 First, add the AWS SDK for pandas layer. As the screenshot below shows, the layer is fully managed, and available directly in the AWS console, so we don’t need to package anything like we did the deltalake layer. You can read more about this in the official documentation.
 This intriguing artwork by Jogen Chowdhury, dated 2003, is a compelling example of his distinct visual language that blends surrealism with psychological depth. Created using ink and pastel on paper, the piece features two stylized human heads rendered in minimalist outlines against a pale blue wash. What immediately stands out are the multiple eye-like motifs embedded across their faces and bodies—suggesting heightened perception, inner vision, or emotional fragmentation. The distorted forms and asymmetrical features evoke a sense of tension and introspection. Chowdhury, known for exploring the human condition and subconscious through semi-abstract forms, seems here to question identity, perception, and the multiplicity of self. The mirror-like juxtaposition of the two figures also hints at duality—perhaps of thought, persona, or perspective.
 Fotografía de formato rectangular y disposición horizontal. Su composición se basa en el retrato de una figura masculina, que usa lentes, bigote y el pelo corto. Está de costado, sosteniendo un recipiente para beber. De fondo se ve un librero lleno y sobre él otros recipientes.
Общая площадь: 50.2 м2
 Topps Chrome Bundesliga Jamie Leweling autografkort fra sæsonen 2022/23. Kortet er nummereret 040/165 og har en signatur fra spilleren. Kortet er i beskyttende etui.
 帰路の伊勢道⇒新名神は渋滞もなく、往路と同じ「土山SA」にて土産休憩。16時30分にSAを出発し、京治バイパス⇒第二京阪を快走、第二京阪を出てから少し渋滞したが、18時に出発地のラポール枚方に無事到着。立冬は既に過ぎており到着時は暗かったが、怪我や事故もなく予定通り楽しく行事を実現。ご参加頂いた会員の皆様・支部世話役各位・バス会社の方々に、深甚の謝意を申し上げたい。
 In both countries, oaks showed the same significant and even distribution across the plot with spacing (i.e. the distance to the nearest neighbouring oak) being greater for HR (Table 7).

---

PROBLEM DESCRIPTION: The line containing "Fotografía de formato" opens the range, and the last line of the entries closes it; copy that range exactly.

RESULT:
 Fotografía de formato rectangular y disposición horizontal. Su composición se basa en el retrato de una figura masculina, que usa lentes, bigote y el pelo corto. Está de costado, sosteniendo un recipiente para beber. De fondo se ve un librero lleno y sobre él otros recipientes.
Общая площадь: 50.2 м2
 Topps Chrome Bundesliga Jamie Leweling autografkort fra sæsonen 2022/23. Kortet er nummereret 040/165 og har en signatur fra spilleren. Kortet er i beskyttende etui.
 帰路の伊勢道⇒新名神は渋滞もなく、往路と同じ「土山SA」にて土産休憩。16時30分にSAを出発し、京治バイパス⇒第二京阪を快走、第二京阪を出てから少し渋滞したが、18時に出発地のラポール枚方に無事到着。立冬は既に過ぎており到着時は暗かったが、怪我や事故もなく予定通り楽しく行事を実現。ご参加頂いた会員の皆様・支部世話役各位・バス会社の方々に、深甚の謝意を申し上げたい。
 In both countries, oaks showed the same significant and even distribution across the plot with spacing (i.e. the distance to the nearest neighbouring oak) being greater for HR (Table 7).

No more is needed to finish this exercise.